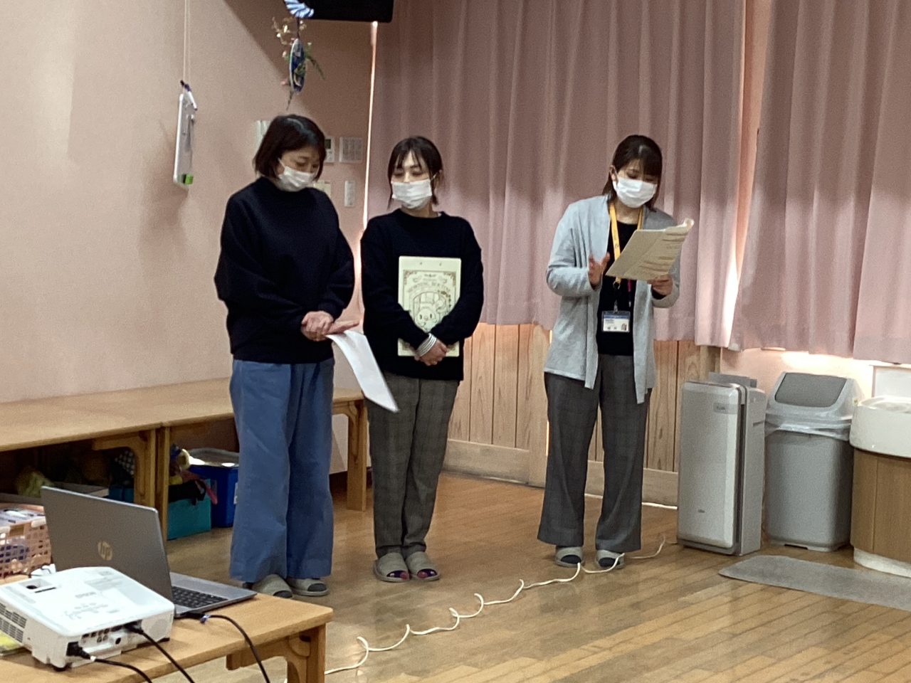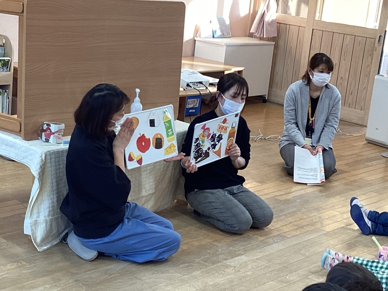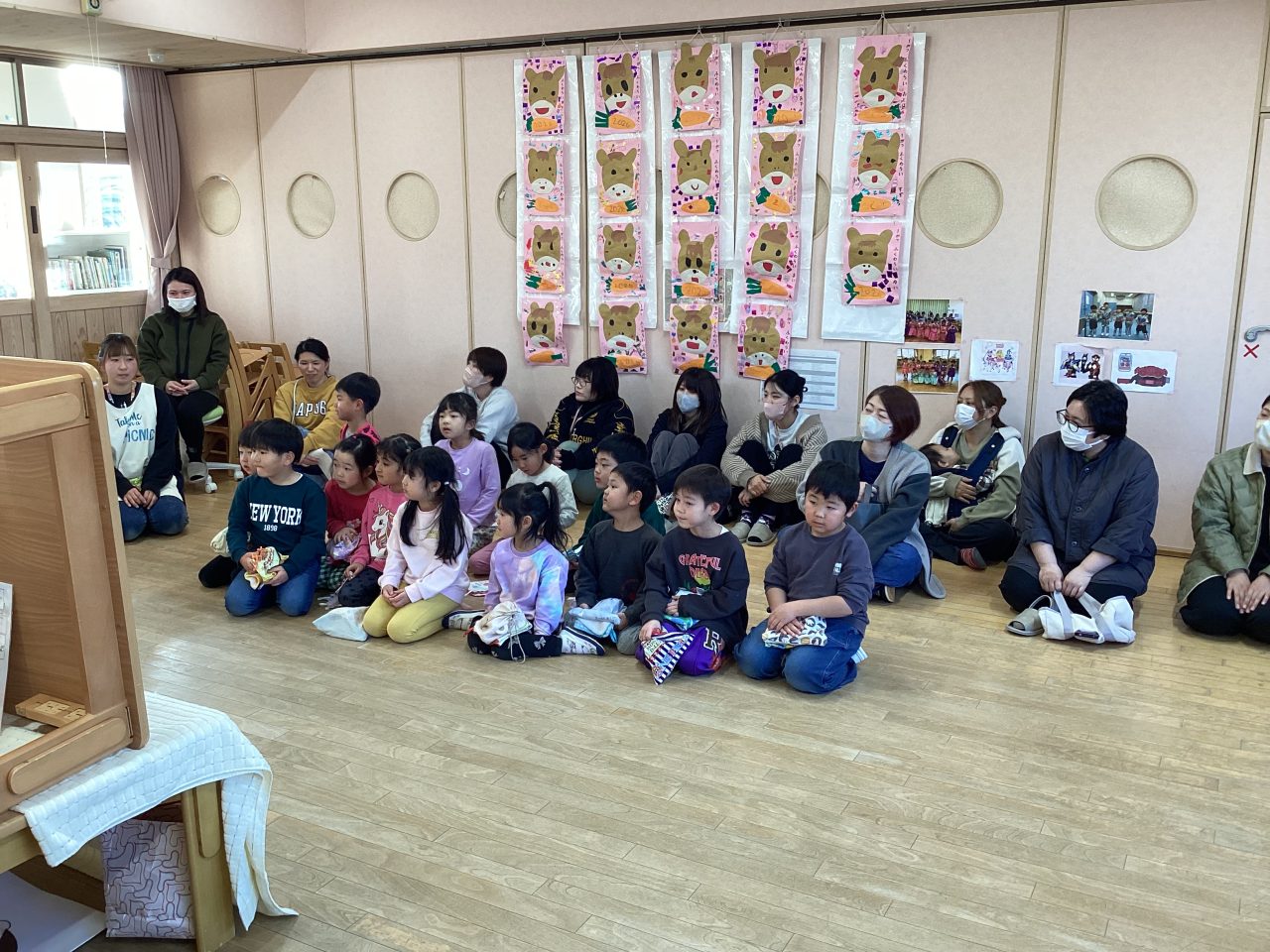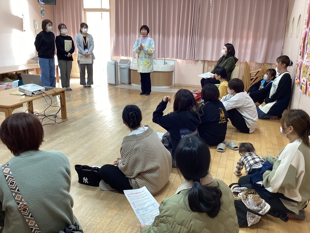 懇談会では園での様子を担任が話した後に家庭での様子をお母さんに話してもらいました。
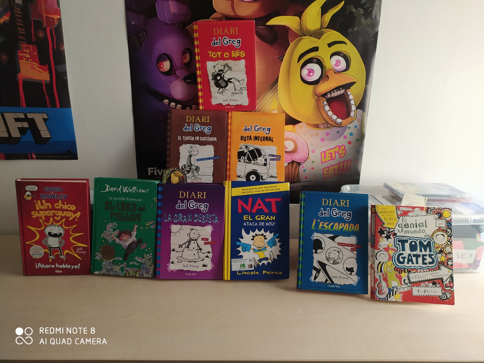 AL ESTAR AQUI CONFINAT HE COMENÇAT A LLEGIR ENCARA MÉS DEL QUE JA LLEGIA ABANS I M’HE ACABAT EL LLIBRES EN 1 MÉS. A MI M’AGRADEN MOLT LES NARRATIVES, COM EL DIARI DEL GREG O TOM GATES, O DE HISTÒRIES COM ELS DE DAVID WALLIAMS.  QUAN ACABI EL CONFINAMENT EM VULL COMPRAR MÉS DE LA SÈRIE DE NAT EL GRAN, QUE M’HE LLEGIT UN I M’HA AGRADAT MOLT. HE LLEGIT TAMBÉ UNA NOVEL·lA DE STAR WARS PERÒ ÉS UNA MICA VIOLENTA PERQUÈ VA COM D’UNS ZOMBIS QUE HI HA A UNA NAU ETC… TAMBÉ LLEGEIXO CÒMICS PERÒ HE DE COMPRAR ELS QUE SEGUEIXEN I HAURIA D’ ANAR A LA BOTIGA DE NORMA COMICS I NO PUC PERQUÈ ESTÀ TANCAT, ESTÀ MOLT LLUNY I NO ES POT SORTIR.
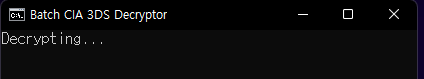 복호화 방법은 위 폴더에 복호화할 cia 파일을 넣고(여러개의 cia 파일 가능), Batch CIA 3DS Decryptor.bat 를 실행해주면 복호화가 진행되고, 파일 별로 -decrypted.cci파일이 생성된다.
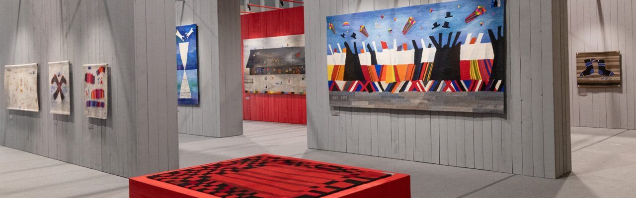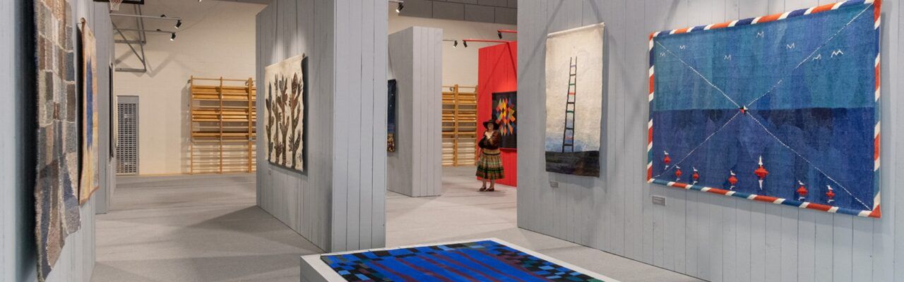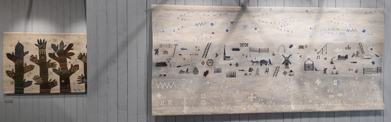 Anu Raud vaibakunstnikuna. Näitusel on väljas valik tema vaibaloomingust.

========

Leaving the pictures out, copy exactly the lines from the line that contains "AL ESTAR AQUI" to the last line of the data, both ends included.

 AL ESTAR AQUI CONFINAT HE COMENÇAT A LLEGIR ENCARA MÉS DEL QUE JA LLEGIA ABANS I M’HE ACABAT EL LLIBRES EN 1 MÉS. A MI M’AGRADEN MOLT LES NARRATIVES, COM EL DIARI DEL GREG O TOM GATES, O DE HISTÒRIES COM ELS DE DAVID WALLIAMS.  QUAN ACABI EL CONFINAMENT EM VULL COMPRAR MÉS DE LA SÈRIE DE NAT EL GRAN, QUE M’HE LLEGIT UN I M’HA AGRADAT MOLT. HE LLEGIT TAMBÉ UNA NOVEL·lA DE STAR WARS PERÒ ÉS UNA MICA VIOLENTA PERQUÈ VA COM D’UNS ZOMBIS QUE HI HA A UNA NAU ETC… TAMBÉ LLEGEIXO CÒMICS PERÒ HE DE COMPRAR ELS QUE SEGUEIXEN I HAURIA D’ ANAR A LA BOTIGA DE NORMA COMICS I NO PUC PERQUÈ ESTÀ TANCAT, ESTÀ MOLT LLUNY I NO ES POT SORTIR.
 복호화 방법은 위 폴더에 복호화할 cia 파일을 넣고(여러개의 cia 파일 가능), Batch CIA 3DS Decryptor.bat 를 실행해주면 복호화가 진행되고, 파일 별로 -decrypted.cci파일이 생성된다.
 Anu Raud vaibakunstnikuna. Näitusel on väljas valik tema vaibaloomingust.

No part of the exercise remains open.